The series was canceled with issue #12.

===Volume 4===
In 2011, the team appeared in a series tied to the crossover storyline Fear Itself, with the newly alive team to be joined by Puck.

===Alpha Flight: True North===
In June 2019, Marvel Comics announced that Alpha Flight would return in a one-shot titled Alpha Flight: True North featuring the original lineup (with the exception of Aurora) and written by Canadian writers Jim Zub, Jed MacKay and Ed Brisson to commemorate the 80th anniversary of the company.

===Volume 5===
In August 2023, the team returned in a five-issue limited series written by Ed Brisson and drawn by Scott Godlewski, as part of the "Fall of X" relaunch.
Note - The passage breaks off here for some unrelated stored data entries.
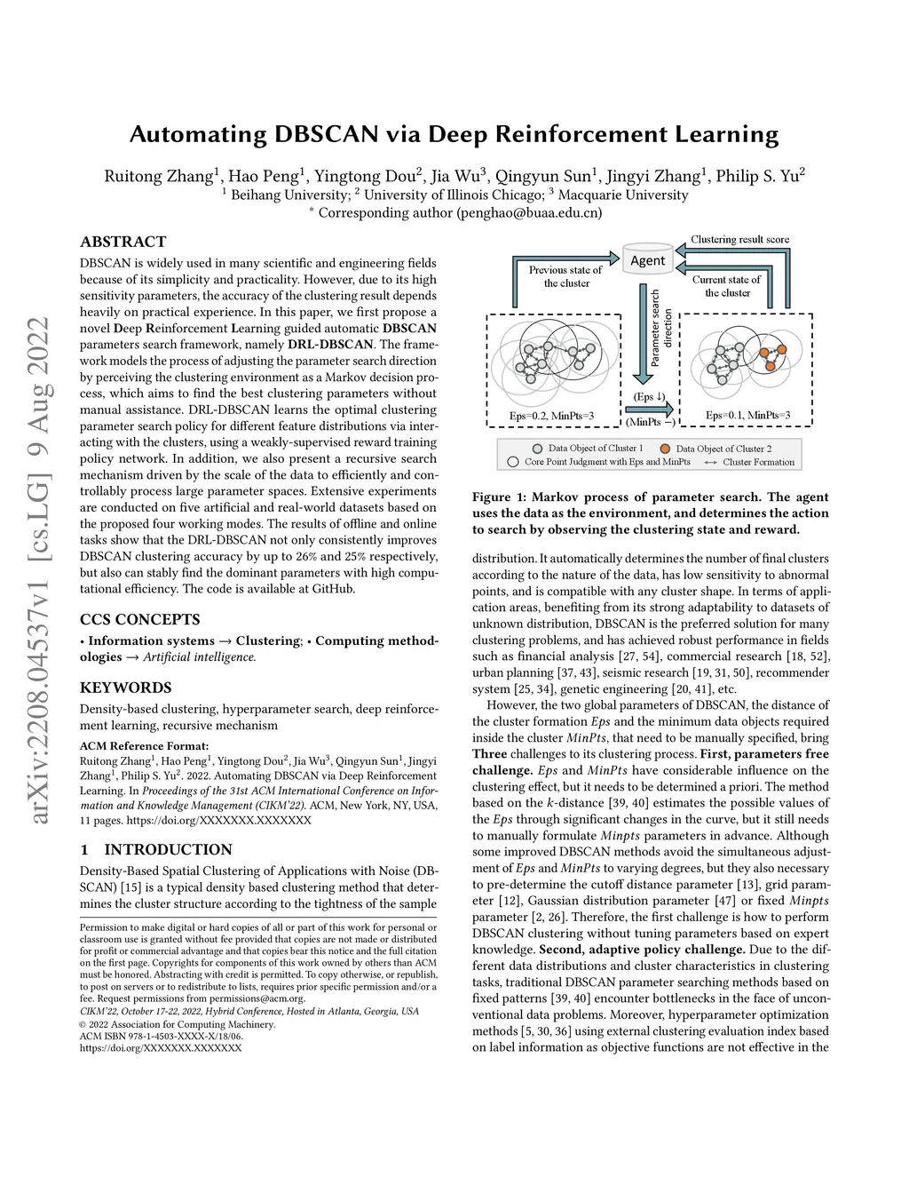 Automating DBSCAN via Deep Reinforcement Learning
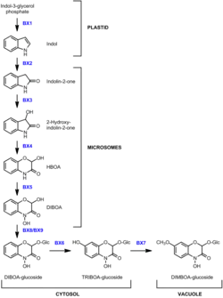 The bx1 gene encodes a protein, BX1, that forms indol from indol-3-glycerol phosphate in the plastid. It is the first step in the pathway and determines much of the natural variation in levels of DIMBOA in maize.[5] The next steps in the pathway occur in the endoplasmic reticulum, also referred to as the microsomes in cell fractionation experiments, and are carried by proteins encoded by genes bx2, bx3, bx4, and bx5.
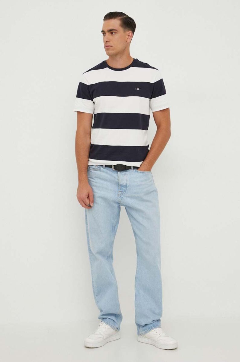 Бавовняна футболка Gant чоловічий колір білий візерунок
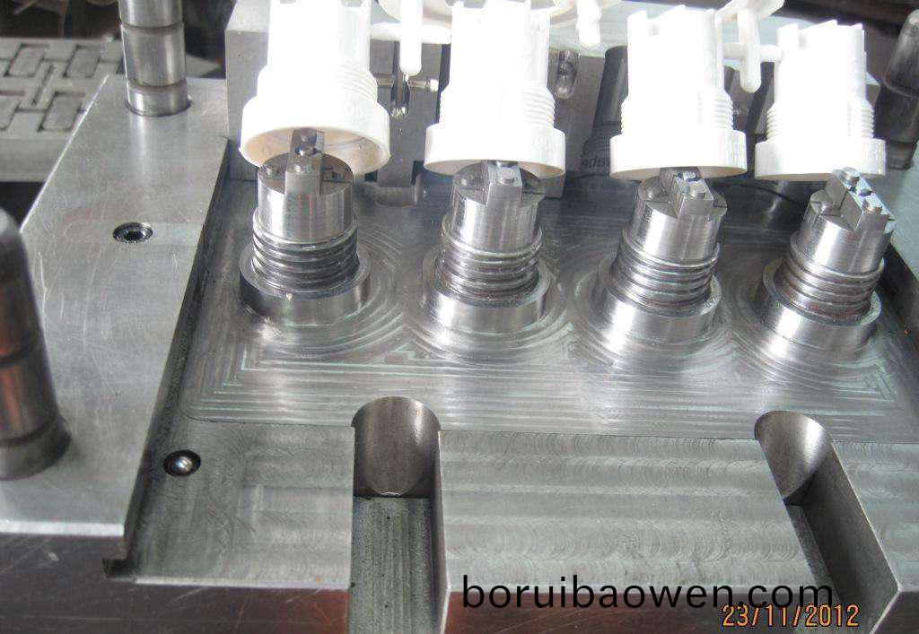 手動(dòng)(dong)的(de)螺(luo)紋通常用在(zai)産(chan)品量(liang)比(bi)較(jiao)少的糢具上。這種糢具每次(ci)下(xia)的(de)訂單比(bi)較(jiao)少(shao)。要求(qiu)也(ye)不(bu)高(gao),所以做(zuo)糢(mo)具(ju)的時(shí)候(hou),把螺(luo)紋做在(zai)鑲件上(shang),再(zai)做(zuo)一(yi)箇靠(kao)糢(mo),註(zhu)塑(su)的時(shí)候,先(xian)把鑲件放(fang)到糢(mo)具(ju)裏(li),等註(zhu)塑完(wan)成(cheng)后,把(ba)鑲件(jian)挐齣(chu)來(lai),放到靠糢(mo)上,把(ba)産品鏇轉(zhuǎn)(zhuan)齣(chu)來(lai)。這(zhe)種方(fang)式(shi)昰(shi)應(yīng)對(duì)小批(pi)量(liang)的産(chan)品。
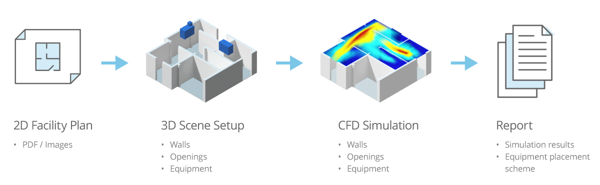 - Fully automated CFD simulations of HVAC project proposals and equipment-placing schemes.
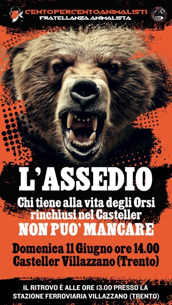 Siamo curiosi di vedere fino a che punto vi interesserà la sorte degli Orsi ed essere attivi domenica 11 giugno, quindi non solo sui social. Il presidio è aperto a tutti, nessuno escluso, ma sopratutto è aperto agli Animalisti che sono stanchi di ascoltare parole e parole, sia nei TG, sia alle manifestazioni. Ovviamente ci sono altri eventi in programma in futuro per la liberazione degli Orsi, ognuno sceglie il modo più consono per attivarsi, ma alla nostra manifestazione, domenica 11 giugno, il Casteller dovrà tremare, non a caso l’evento è stato nominato “l’assedio”. I nostri fratelli dovranno sentire la nostra presenza.

The lineup includes most of the original team, as well as new addition Fang and Heather Hudson inheriting the Nemesis mantle.

==Collected editions==
Their appearances have been collected into a number of trade paperbacks:

===Alpha Flight Volume 1===
- Byrne, John (2007). "Alpha Flight Classic – Volume 1" (Collects Alpha Flight #1-8)
- Byrne, John (2011). "Alpha Flight Classic – Volume 2" (Collects Alpha Flight #9-19 and X-Men #109)
- Byrne, John (2011). "Alpha Flight Classic – Volume 3" (Collects Alpha Flight #20-29 and Incredible Hulk (vol. 2) #313.

===X-Men crossovers===
- Claremont, Chris (2011). "X-Men: Alpha Flight" (Collects X-Men & Alpha Flight #1-2, X-Men/Alpha Flight (vol. 2) #1-2, X-Men #109, 120–121, 139–140)
- Claremont, Chris (2010). "X-Men: Asgardian Wars" (Collects X-Men & Alpha Flight #1-2, New Mutants Special Edition #1, X-Men Annual #9)

===Alpha Flight Volume 3===
- Scott, Lobdell (2004). "Alpha Flight – Volume 1: You Gotta Be Kiddin' Me" (Collects Alpha Flight (vol. 3) #1-6)
- Scott, Lobdell (2005). "Alpha Flight – Volume 2: Waxing Poetic" (Collects Alpha Flight (vol. 3) #7-12)

===Omega Flight===
- Oeming, Michael Avon (2007). "Omega Flight: Alpha to Omega" (Collects Omega Flight #1-5)
- Koslowski, Rich (2008). "Weapon Omega" (Collects material from Marvel Comics Presents (vol. 2) #1-12)

===Alpha Flight Volume 4===
- Pak, Greg (2012). "Alpha Flight by Greg Pak and Fred Van Lente Volume 1" (Collects Alpha Flight (vol. 4) #0.1, 1–4)

==In other media==
- On February 23, 2022, Luke Cage showrunner Cheo Hodari Coker confirmed that the sudden "rugpull" death of initial series' antagonist Cornell "Cottonmouth" Stokes (primarily portrayed by Mahershala Ali) in the seventh episode of the series' first season was from the series' pitch based on the death of Guardian in Alpha Flight #12.